Панов виновато развел руками.
– Безнадежно?
Он молча кивнул. Почему-то сейчас он чувствовал себя неспособным на обычную успокаивающую ложь.
– Говорил я ему! – с легкой досадой сказал мальчик, и Панов понял, что это он об отце. – Знаете, сколько тут до вас побывало всяких… – он замялся.
– Шарлатанов? – подсказал Панов.
Мальчик в знак согласия закрыл и снова открыл глаза.
– И я такой же?
– Нет… Вы – нет, – медленно выговорил больной. – Я ощущал, как от ваших рук исходило… И боль совсем пропала. Знаете, хуже всего – это боль. Просто невозможно. У родителей все деньги ушли на обезболивающие. Отец и машину продал…
– Больше не будет болеть, – заверил Панов.
– Совсем?
Он кивнул.
– Хорошо. Жаль только, что вы так поздно. А то у них, наверное, даже на похороны не осталось…
Панов сглотнул. Мальчик проговорил это спокойно и деловито – словно речь шла о ком-то другом.

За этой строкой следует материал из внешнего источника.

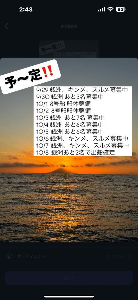 1日釣行の方につきましては、予約先着じゅんになりますので、宜しくお願いします。

– Тебя как зовут? – спросил он больного.
– Игорь. А вас?
– Дмитрий Иванович.
– Приятно было с вами познакомиться.
– Мне тоже, – невольно отозвался он и вдруг спросил: – Тебе не страшно?
– Нет, – спокойно ответил Игорь. – Было немного в самом начале. Потом прошло. Плохо только, что это так долго. И родителей жалко: мама плачет, отец бегает, экстрасенсов всяких ищет…
– Теперь уже недолго, – неожиданно для себя заверил Панов.
– Я знаю, – мальчик еле заметно улыбнулся. – Я это сегодня понял. Знаете, мне сон приснился: свет вокруг, такой яркий-яркий, и кто-то в белом меня зовет. Было хорошо и совсем не страшно. Мне даже стыдно стало, что я когда-то боялся. Человек не должен этого бояться…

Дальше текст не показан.